Trading Dashboard
The Trading Dashboard is a full-stack monitoring and analysis interface designed to provide transparency into the decision-making process of the AI agents. Built with a FastAPI backend and a React frontend, it transforms raw backtest data and live trade logs into actionable visual insights.
Overview
The dashboard serves as the central hub for:
- Performance Tracking: Visualizing equity growth against benchmark assets (BTC).
- Decision Auditing: Reading the specific "reasoning" and "confidence" metrics generated by the LLM agents for every trade.
- Backtest Management: Comparing multiple historical runs to identify the most effective agent configurations.
- Live Monitoring: Receiving real-time trade execution updates via WebSockets.
Key Features
Performance Metrics Panel
The dashboard calculates and displays critical risk-adjusted return metrics for the selected strategy:
- Total Return: Percentage gain/loss over the period.
- Sharpe Ratio: Risk-adjusted return performance.
- Max Drawdown: The largest peak-to-trough decline.
- Win Rate & Profit Factor: Statistical reliability of the agent's signals.
- Alpha vs. Hold: Performance of the active strategy compared to a simple "Buy and Hold" approach for Bitcoin.
Equity Curve Visualization
The interactive chart plots the portfolio value over time. It overlays trade execution points directly onto the equity curve, allowing you to see exactly where the agents entered or exited the market relative to price action.
Agent Logic & Trade History
Unlike traditional trading platforms that only show "Buy/Sell" orders, this dashboard provides a deep dive into the Agent Reasoning. For every trade, you can view:
- Action & Price: Basic execution details.
- Confidence Score: A 0–100 rating provided by the Supervisor agent.

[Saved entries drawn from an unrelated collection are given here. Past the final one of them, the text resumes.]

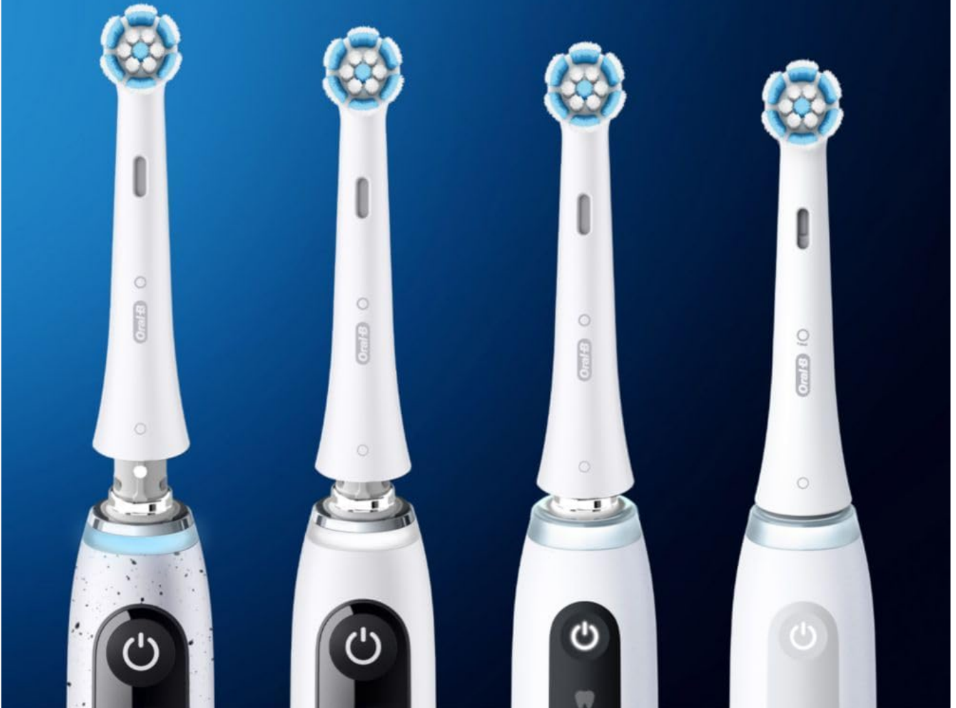
Image: Several Oral-B iO electric toothbrush handles with the Gentle Care brush heads attached, illustrating compatibility across the iO series.
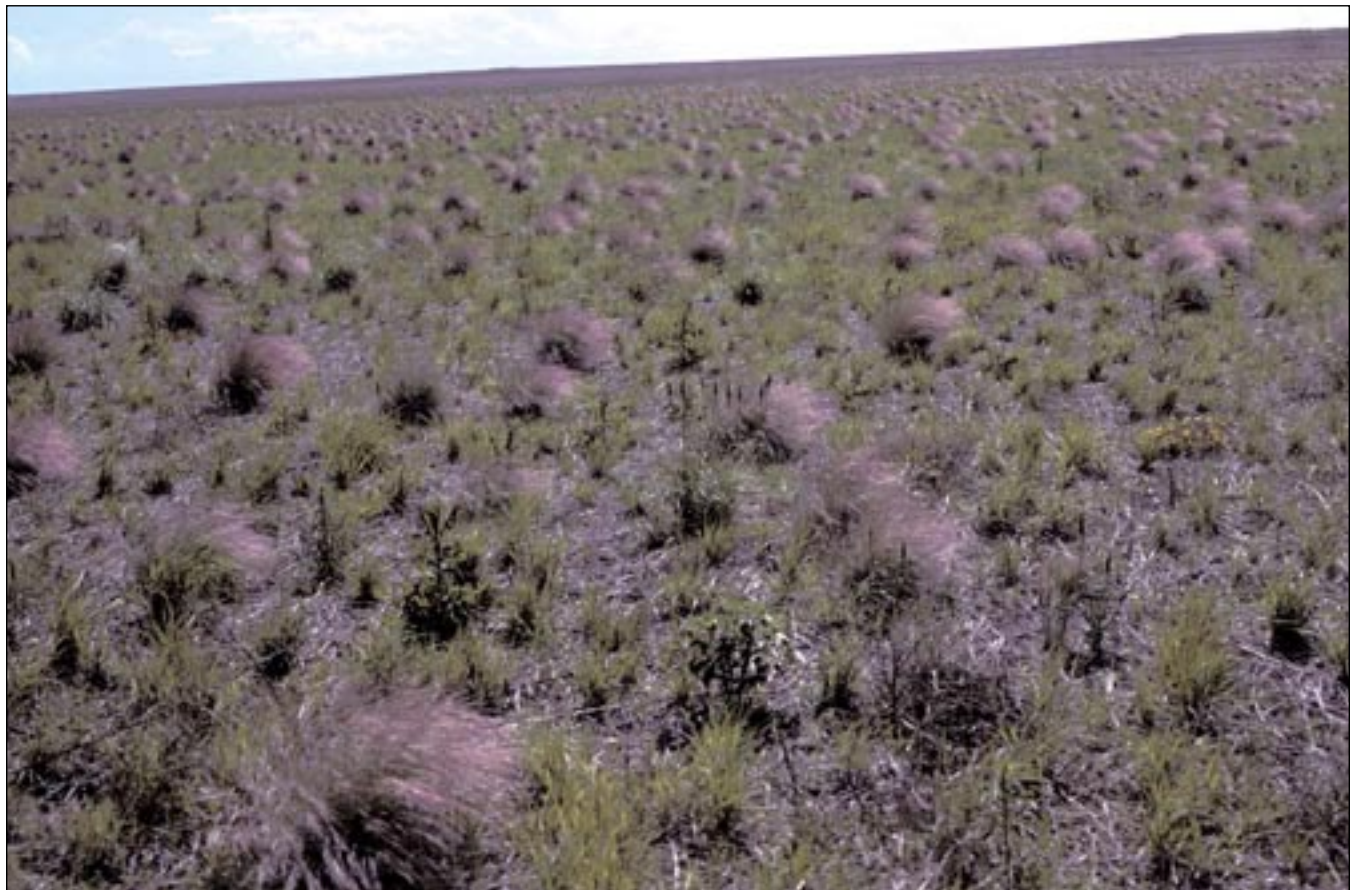
Figure 3 —A shortgrass steppe area near Springfield, CO, that was once plowed. It has regenerated with regular-spaced patches of purple three-awn or no-eatum ( Aristida longiseta ), western salsify ( Tragopogon dubius ), and sand dropseed ( Sporobolus cryptanthus ).

The eight Comanche National Grassland habitat categories were selected because it was clear that many species occur only in one of these habitats. These habitats are based on major soil types, land-use, and topography: they are independent of species-based habitats. These habitat categories are established to provide an initial understanding of the locations where Comanche National Grassland plant species can be found. The difficulty of assigning plant species to only one category is reflected in the occasional use of two categories per species. In such cases, the first habitat listed is the primary habitat. Whenever a species occurs in all habitat types, one is selected as the “primary” habitat. For example, blue grama is present to some extent in all habitat types,
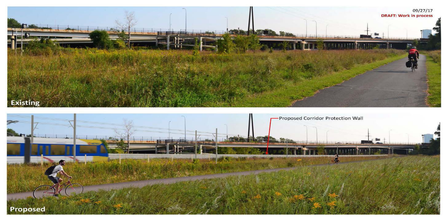
Exisiting (top) and planned with proposed wall (bottom) at the Bryn Mawr station area
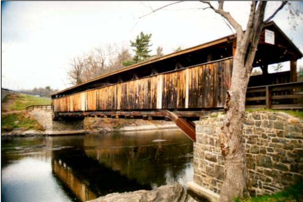
Photo of Perrine's Bridge
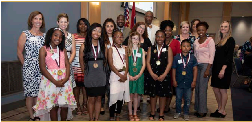
Virtual Banquet May 9, 2020
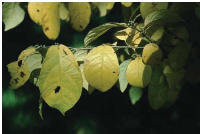
Figure 2. Leaf— Lindera benzoin : Spicebush.
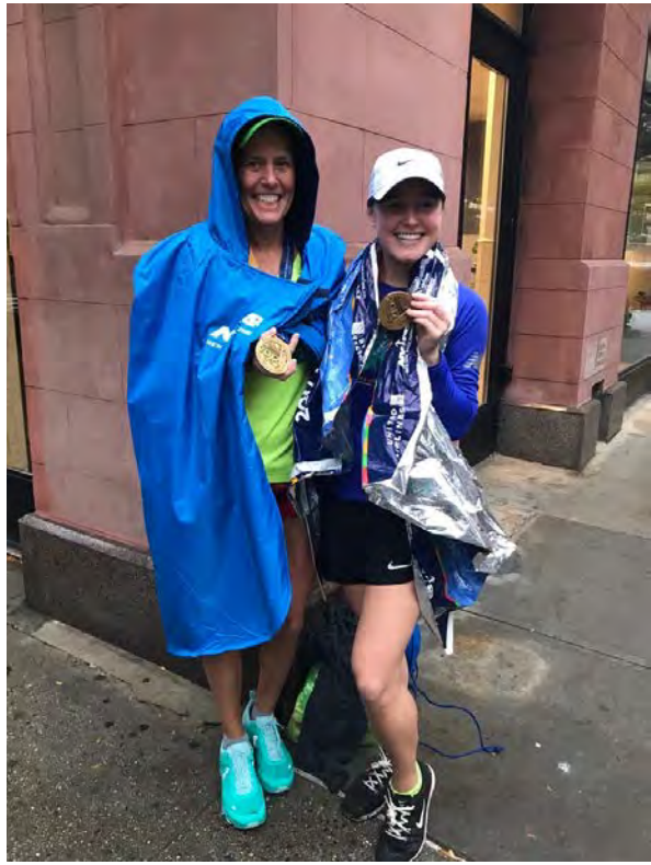
November- NYC Marathon
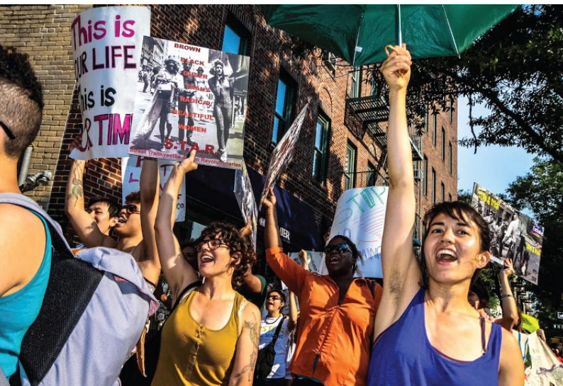
Trans Day of Action, organized annually by the Audre Lorde Project, New York City, June 2012

[A]n attorney from the South represented a male-to-female (MTF) transgender youth who was detained in a boys' facility. The youth's "treatment plan" stated that she was to receive "help with gender confusion and appropriate gender identity," which included staff prohibiting her from growing her hair out or having any feminine accessories. The same attorney reported that another client—a gender non-conforming lesbian—had a similar treatment plan "even though she fully accept[ed] that she [wa]s a female, fe[lt] that she [wa]s a female, and seemed to have no confusion about her gender." In another case, a mental health evaluator encouraged the court and facility staff to help a transgender youth, who had been diagnosed with GID, to understand that it was not appropriate to "act like a girl" while incarcerated in a boy's facility.
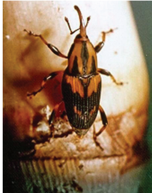
Figure 21. West Indian cane weevil adult.

usually attracted to sugarcane stalks that are already injured (e.g., damage by other insects or rats). However, the weevils may be attracted to some cultivars such as CP85-1382 that have growth cracks, but no other obvious abnormalities.
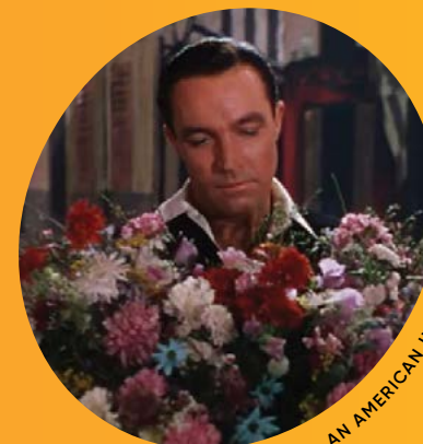
AN AMERICAN IN PARIS
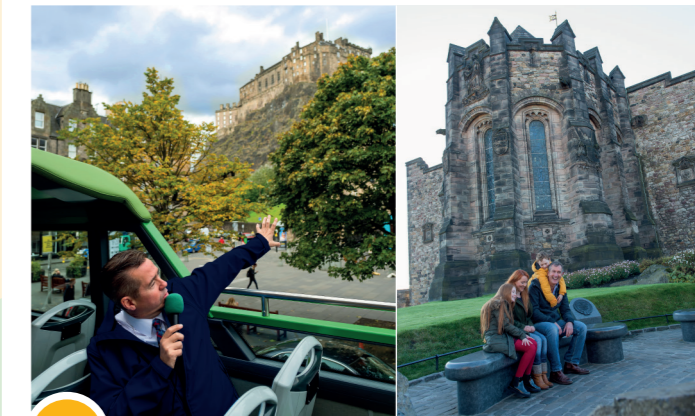
Hop off at stop 10 to visit historic Edinburgh Castle

@edinbourgtour Edinburgh Bus Tours edinburghbustours
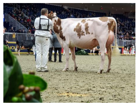
2nd Milking Yearling B&W Royal Winter Fair 2019

BLONDIN AVALANCHE DANAE-EX-93-4YR Pedigree
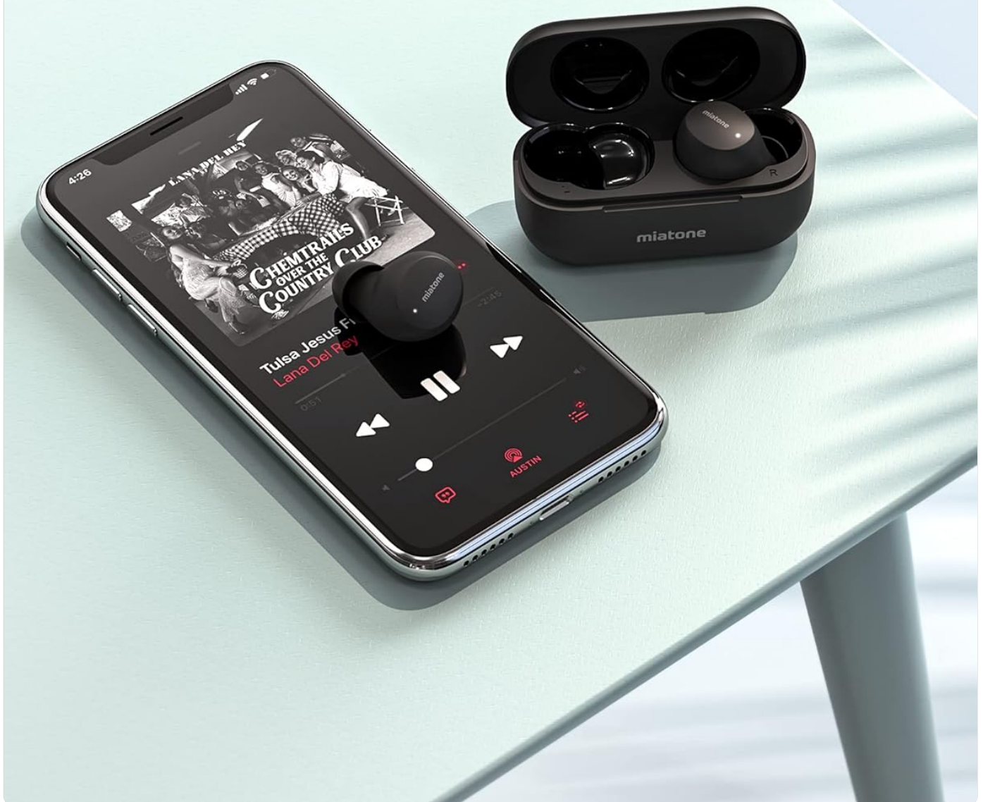
Image: Graphic demonstrating the quick charge feature: 10 minutes of charging provides up to 3 hours of use.

Take out to reconnect automatically, quick access to the music.
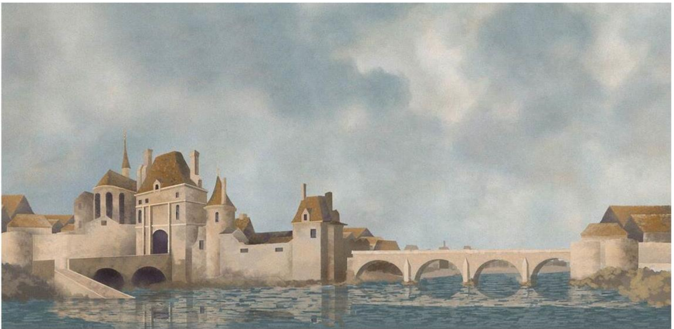
Paint elevation by scenic designer William Bloodgood.

Alexandre Dumas's original novel is a fanciful, imaginative adventure written in the 19th century but set in a much earlier time. We decided to play upon this dichotomy in the scenery for our IRT production by setting this modern stage adaptation in a design that borrows heavily from the theatrical practices and scenic conventions of 17th century France: the forced perspective lines and tracked, flat-painted wings that were the fashion of the time of Louis XIII.

- Reasoning String: The natural language explanation generated by the agents (Technical, Sentiment, and Fundamental analysis) that led to the decision.
Getting Started
To launch the dashboard, you must run both the backend API and the frontend development server.
1. Start the Backend API
The backend handles data retrieval from the SQLite database and provides the WebSocket stream.
# Navigate to the dashboard backend directory
cd dashboard/backend
# Run the FastAPI server
uvicorn main:app --reload --port 8000
The API will be available at http://localhost:8000. You can view the interactive Swagger documentation at /docs.
2. Start the Frontend
The frontend is a Vite-powered React application.
# Navigate to the dashboard frontend directory
cd dashboard/frontend
# Install dependencies
npm install
# Start the development server
npm run dev
Open your browser to http://localhost:5173 (or the port specified in your terminal) to view the dashboard.
API Documentation
If you wish to extend the dashboard or integrate the data into other tools, the backend provides the following REST endpoints:
| Endpoint | Method | Description |
| :--- | :--- | :--- |
| /api/backtests | GET | Returns a list of all historical backtest summaries. |
| /api/backtests/{id} | GET | Returns detailed metrics, equity curve data, and trade logs for a specific run. |
| /ws | WS | WebSocket endpoint for receiving live trade notifications. |
Data Models
The dashboard uses structured Pydantic models to ensure data consistency between the AI agents and the UI:
class TradeResponse(BaseModel):
id: int
timestamp: str
asset: str
action: str
price: float
reasoning: str # The LLM's justification
confidence: float # 0-100 scale
Real-time Updates
The dashboard includes a built-in status indicator. When the system is running in live-trading mode, the dashboard establishes a WebSocket connection. As soon as the Orchestrator confirms a trade, the UI automatically refreshes the metrics and trade table without requiring a page reload.